HELSINKI (AFP) — Mobile phone giant Nokia threatened to leave its native Finland if a change to laws blocking companies from monitoring employee emails was not introduced, a respected Finnish newspaper said Sunday.
Nokia spokeswoman Arja Suominen subsequently rejected the accusation, telling the STT news agency that "Nokia has in no way threatened to move," claiming the "Helsingin Sanomat article is quite polemic. It contains many mistakes and misunderstandings."
Prime Minister Matti Vanhanen also denied that politicians had been pressured by the company to change the law.
"I have not heard about such an ultimatum. I have discussed (the law) with many companies including Nokia, and I have never heard that they have made such a threat," he told national broadcaster Yle.
The daily quoted an unnamed civil servant as telling the paper that "Nokia lobbied very hard for the proposed law to be unanimously approved... (The message) was very clear: if the law was not approved, Nokia would leave Finland."
The company generates around 1.3 billion euros (1.7 billion dollars) worth of tax revenues and employs 16,000 people in Finland, Helsingin Sanomat said.
The Nordic country is currently considering loosening a law on the surveillance of electronic information that today bans companies from reading their employees' emails.

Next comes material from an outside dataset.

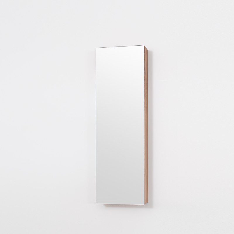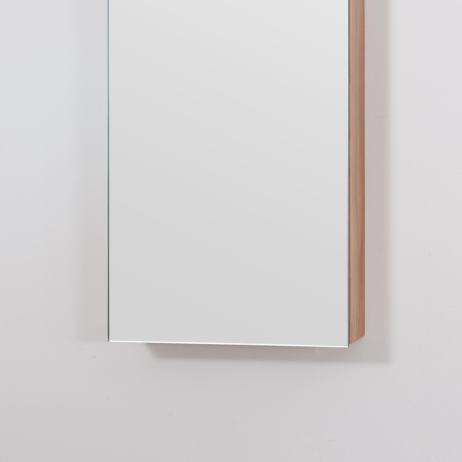 Zone 800 is a slim, vertical bath cabinet for those corners and walls where a more conventional size will not fit. The door front is a conventional polished edge mirror but mounted inside there’s a special times five magnification mirror to give a much bigger close up view. Extending hinges mean the door opens wider so no awkward positioning needed to use the magnifying mirror.

According to Helsingin Sanomat, Nokia began lobbying politicians for a new electronic information surveillance law after it became suspicious that that one of its employees had emailed classified information on new network equipment to its Chinese competitor Huawei.
The company filed a police complaint and began poring over its staff email correspondence to try to find proof of the corporate espionage.
In doing so, Nokia was breaking the current law which aims to protect workers' right to confidential communication, but charges against the company were never filed due to lack of evidence.
The new data retention law proposal, called Lex Nokia, would meanwhile allow employers to monitor their workers' electronic correspondence for information including the sender and recipient of the email, the time it was sent and the size of attachments.
Law experts in Finland have insisted that the new law, expected to be voted through parliament later this month, would be a blow to employee privacy rights.